Gold nanoparticles produced using water droplets
Image credit: Dreamstime
Chemists at Stanford University have stumbled upon a method for producing gold nanoparticles using water droplets, the latest discovery in the growing field of ‘on-droplet’ chemistry.
According to the researchers, this discovery could lead the way to more environmentally friendly approaches to producing gold nanoparticles and other metallic nanoparticles.
“Being able to do reactions in water means you don’t have to worry about contamination. It’s green chemistry,” said Professor Richard Zare, a distinguished chemist based at Stanford University.
While gold has long been noted for its beauty and chemical stability on a macroscopic scale, more recently, gold has attracted interest due to its nanoscale properties: it is an excellent catalyst, highly reactive and has useful optical properties. Gold nanoparticles show promise in a range of applications, including in targeted cancer treatments.
Despite the usefulness of gold nanoparticles, the only reliable means of creating gold nanoparticles has been to combine chloroauric acid with a reducing agent to free gold atoms in the form of spheres, prisms, rods and wires, all of which have different properties.
Chemical reactions are often sped up when microdroplets are used and Zare and his colleagues found that using microdroplets of chloroauric acid with the reducing agent caused gold nanoparticles to grow more than 100,000 as with bulk acid.
The researchers discovered – to their surprise – that when the reducing agent was replaced with microdroplets of water, gold nanoparticles were still released. An electron microscope revealed the tiny nanoparticles and nanowires: fused with particles attached to the threads of the wires like “berry clusters on a branch”.
“Much to our bewilderment, we found that gold nanostructures could be made without any added reducing agents,” said Jae Kyoo Lee, a Stanford University research associate.

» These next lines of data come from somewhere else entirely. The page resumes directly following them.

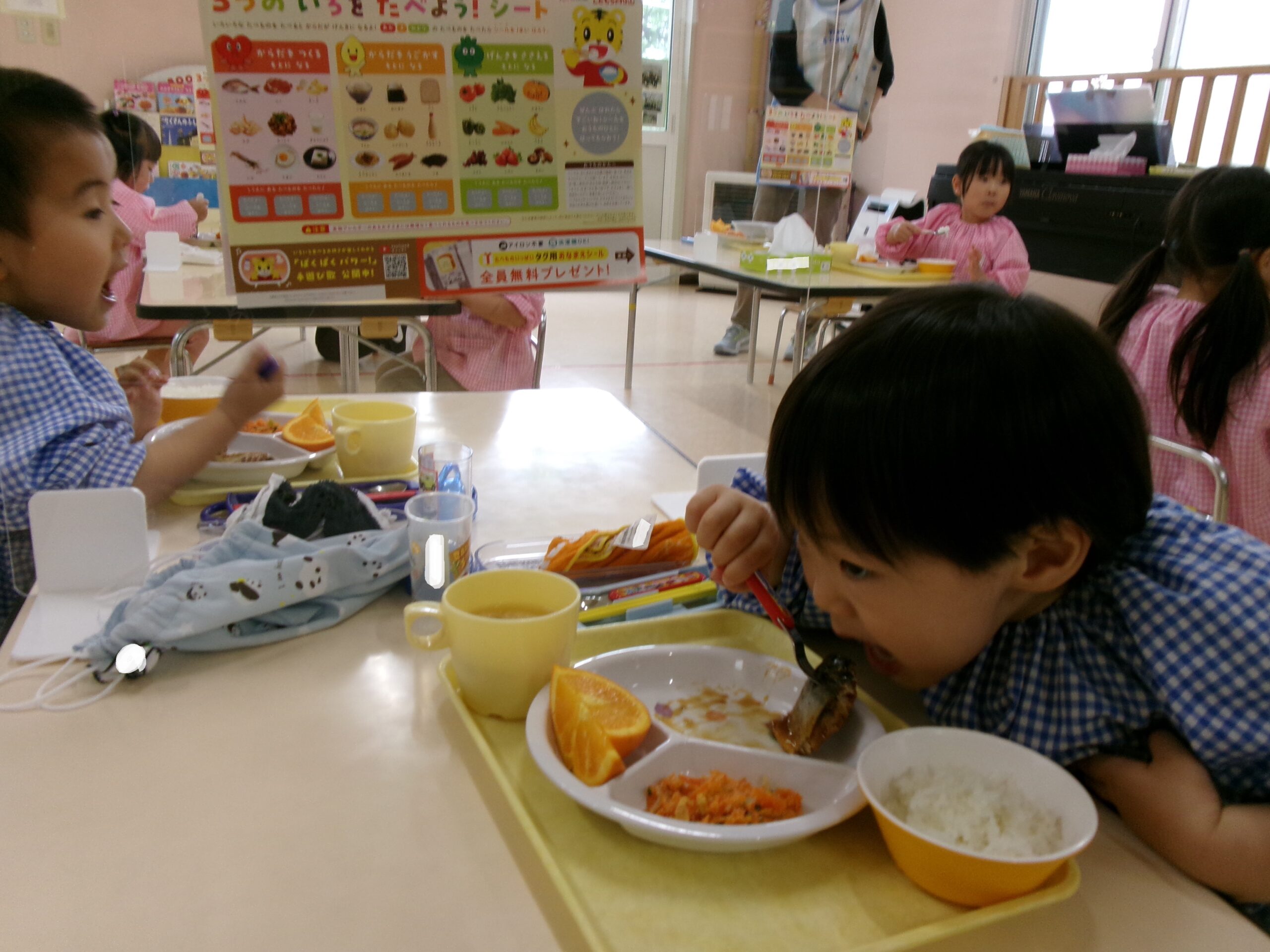 ポスターを見ながら「赤のお魚食べたよ~」と話している子もいましたよ。
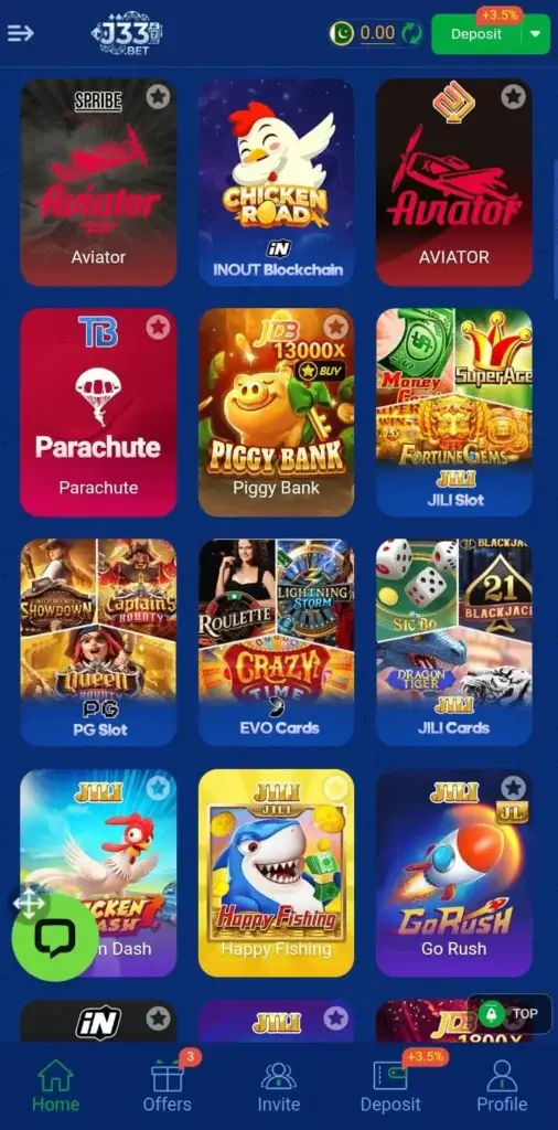 J33 Bet Game is a simple and fun online gaming app for Pakistan users. It offers many games like slots, Teen Patti, and sports games.
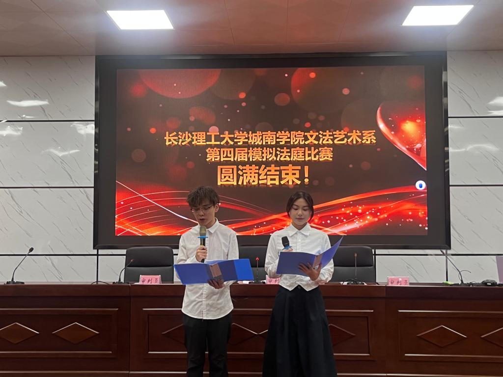 为增强学生的“法律”和“法治”意识,5月17日晚,由437必赢会员中心城南学院主办、文法艺术系承办的第四届模拟法庭竞赛的决赛在金盆岭四教报告厅举行。本次决赛邀请了437必赢会员中心法学院杜卫红、陈骞两位老师担任评委,城南学院文法艺术系系主任及相关辅导员老师莅临比赛现场。
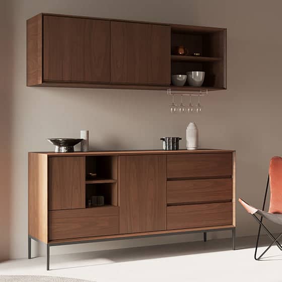 يتميز بوفيه الطعام بأرفف ووحدات تخزبن مميزة وبتصميم حديث يعمل بشكل جيد في تخزين الأدوات المنزلية. يتميز بلمسة نهائية محايدة تنسق مع أي ديكور تقريبًا ، كما أن سطح البوفيه المصنوع من الخشب الكونتر والأرجل المعدنية يمنحهه بنية صلبة ومتينة إلى جانب تصميم ممتع.
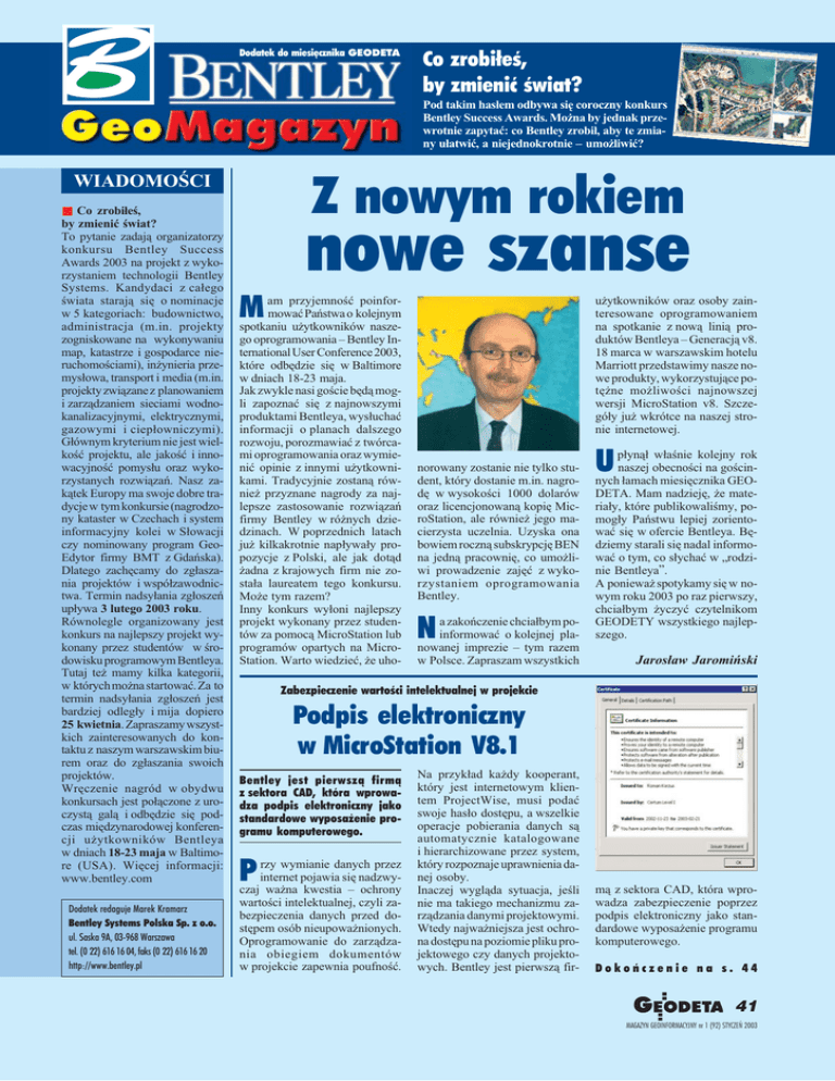 Dodatek do miesiêcznika GEODETA Co zrobi³eœ, by zmieniæ œwiat? Pod takim has³em odbywa siê coroczny konkurs Bentley Success Awards. Mo¿na by jednak przewrotnie zapytaæ: co Bentley zrobi³, aby te zmiany u³atwiæ, a niejednokrotnie – umo¿liwiæ? Z nowym rokiem WIADOMOŒCI ■ Co zrobi³eœ, by zmieniæ œwiat? To pytanie zadaj¹ organizatorzy konkursu Bentley Success Awards 2003 na projekt z wykorzystaniem technologii Bentley Systems. Kandydaci z ca³ego œwiata staraj¹ siê o nominacje w 5 kategoriach: budownictwo, administracja (m.in. projekty zogniskowane na wykonywaniu map, katastrze i gospodarce nieruchomoœciami), in¿ynieria przemys³owa, transport i media (m.in. projekty zwi¹zane z planowaniem i zarz¹dzaniem sieciami wodnokanalizacyjnymi, elektrycznymi, gazowymi i ciep³owniczymi). G³ównym kryterium nie jest wielkoœæ projektu, ale jakoœæ i innowacyjnoœæ pomys³u oraz wykorzystanych rozwi¹zañ. Nasz zak¹tek Europy ma swoje dobre tradycje w tym konkursie (nagrodzony kataster w Czechach i system informacyjny kolei w S³owacji czy nominowany program GeoEdytor firmy BMT z Gdañska). Dlatego zachêcamy do zg³aszania projektów i wspó³zawodnictwa. Termin nadsy³ania zg³oszeñ up³ywa 3 lutego 2003 roku. Równolegle organizowany jest konkurs na najlepszy projekt wykonany przez studentów w œrodowisku programowym Bentleya. Tutaj te¿ mamy kilka kategorii, w których mo¿na startowaæ. Za to termin nadsy³ania zg³oszeñ jest bardziej odleg³y i mija dopiero 25 kwietnia. Zapraszamy wszystkich zainteresowanych do kontaktu z naszym warszawskim biurem oraz do zg³aszania swoich projektów. Wrêczenie nagród w obydwu konkursach jest po³¹czone z uroczyst¹ gal¹ i odbêdzie siê podczas miêdzynarodowej konferencji u¿ytkowników Bentleya w dniach 18-23 maja w Baltimore (USA). Wiêcej informacji: www.bentley.com Dodatek redaguje Marek Kramarz Bentley Systems Polska Sp. z o.o. ul. Saska 9A, 03-968 Warszawa tel. (0 22) 616 16 04, faks (0 22) 616 16 20 http://www.bentley.pl nowe szanse M am przyjemnoœæ poinformowaæ Pañstwa o kolejnym spotkaniu u¿ytkowników naszego oprogramowania – Bentley International User Conference 2003, które odbêdzie siê w Baltimore w dniach 18-23 maja. Jak zwykle nasi goœcie bêd¹ mogli zapoznaæ siê z najnowszymi produktami Bentleya, wys³uchaæ informacji o planach dalszego rozwoju, porozmawiaæ z twórcami oprogramowania oraz wymieniæ opinie z innymi u¿ytkownikami. Tradycyjnie zostan¹ równie¿ przyznane nagrody za najlepsze zastosowanie rozwi¹zañ firmy Bentley w ró¿nych dziedzinach. W poprzednich latach ju¿ kilkakrotnie nap³ywa³y propozycje z Polski, ale jak dot¹d ¿adna z krajowych firm nie zosta³a laureatem tego konkursu. Mo¿e tym razem? Inny konkurs wy³oni najlepszy projekt wykonany przez studentów za pomoc¹ MicroStation lub programów opartych na MicroStation. Warto wiedzieæ, ¿e uho- u¿ytkowników oraz osoby zainteresowane oprogramowaniem na spotkanie z now¹ lini¹ produktów Bentleya – Generacj¹ v8. 18 marca w warszawskim hotelu Marriott przedstawimy nasze nowe produkty, wykorzystuj¹ce potê¿ne mo¿liwoœci najnowszej wersji MicroStation v8. Szczegó³y ju¿ wkrótce na naszej stronie internetowej. norowany zostanie nie tylko student, który dostanie m.in. nagrodê w wysokoœci 1000 dolarów oraz licencjonowan¹ kopiê MicroStation, ale równie¿ jego macierzysta uczelnia. Uzyska ona bowiem roczn¹ subskrypcjê BEN na jedn¹ pracowniê, co umo¿liwi prowadzenie zajêæ z wykorzystaniem oprogramowania Bentley. N a zakoñczenie chcia³bym poinformowaæ o kolejnej planowanej imprezie – tym razem w Polsce. Zapraszam wszystkich U p³yn¹³ w³aœnie kolejny rok naszej obecnoœci na goœcinnych ³amach miesiêcznika GEODETA. Mam nadziejê, ¿e materia³y, które publikowaliœmy, pomog³y Pañstwu lepiej zorientowaæ siê w ofercie Bentleya. Bêdziemy starali siê nadal informowaæ o tym, co s³ychaæ w „rodzinie Bentleya”. A poniewa¿ spotykamy siê w nowym roku 2003 po raz pierwszy, chcia³bym ¿yczyæ czytelnikom GEODETY wszystkiego najlepszego. Jaros³aw Jaromiñski Zabezpieczenie wartoœci intelektualnej w projekcie Podpis elektroniczny w MicroStation V8.1 Bentley jest pierwsz¹ firm¹ z sektora CAD, która wprowadza podpis elektroniczny jako standardowe wyposa¿enie programu komputerowego. P rzy wymianie danych przez internet pojawia siê nadzwyczaj wa¿na kwestia – ochrony wartoœci intelektualnej, czyli zabezpieczenia danych przed dostêpem osób nieupowa¿nionych. Oprogramowanie do zarz¹dzania obiegiem dokumentów w projekcie zapewnia poufnoœæ. Na przyk³ad ka¿dy kooperant, który jest internetowym klientem ProjectWise, musi podaæ swoje has³o dostêpu, a wszelkie operacje pobierania danych s¹ automatycznie katalogowane i hierarchizowane przez system, który rozpoznaje uprawnienia danej osoby. Inaczej wygl¹da sytuacja, jeœli nie ma takiego mechanizmu zarz¹dzania danymi projektowymi. Wtedy najwa¿niejsza jest ochrona dostêpu na poziomie pliku projektowego czy danych projektowych. Bentley jest pierwsz¹ fir- m¹ z sektora CAD, która wprowadza zabezpieczenie poprzez podpis elektroniczny jako standardowe wyposa¿enie programu komputerowego. Dokoñczenie na s. 44 41 MAGAZYN GEOINFORMACYJNY nr 1 (92) STYCZEÑ 2003 Co zrobi³eœ, by zmieniæ œwiat? œwiata. Nowe narzêdzia zmieniaj¹ sposób myœlenia i dzia³ania. Kiedyœ projektant musia³ zobaczyæ oczyma Pod takim has³em odbywa siê coroczny konkurs Bentley Success Awards. Mo¿na by jednak przewrotnie zapytaæ: co Bentley zrobi³, aby te zmiany u³atwiæ, a niejednokrotnie – umo¿liwiæ? Albo inaczej: Jakie atuty umo¿liwi³y organizacji – zatrudniaj¹cej na ca³ym œwiecie ponad 1300 osób, maj¹cej 300 000 u¿ytkowników i roczn¹ sprzeda¿ na poziomie ok. 220 mln dolarów – dostosowanie siê do zmian na rynku IT, a w czasach kryzysu z³o¿enie wniosku o wejœcie na gie³dê nowojorsk¹ – New York Stock Exchange? A

Their accidental discovery that microdroplets of water can serve as microreactors in the production of gold nanoparticles opens up the possibility that reactions in water droplets could be ‘fundamentally different’ to those in bulk water. If scaled up, the researchers suggest, this process could eliminate the need for polluting and potentially toxic reducing agents.
According to Zare, it is possible that mirodroplets of water served as a replacement reducing agent in this case due to the vast increase in surface area allowing a strong electric field to form and encourage the formation of gold nanoparticles.
“The surface area atop a one-litre beaker of water is less than one square metre. But if you turn the water in that beaker into microdroplets, you will get about 3,000 square metres of surface area: about the size of half a football field,” said Zare.
The team is now exploring approaches to use the gold nanoparticles and nanowires in chemical and biomedical applications, as well as to adjust their technique such that it could also be used to create thin gold films.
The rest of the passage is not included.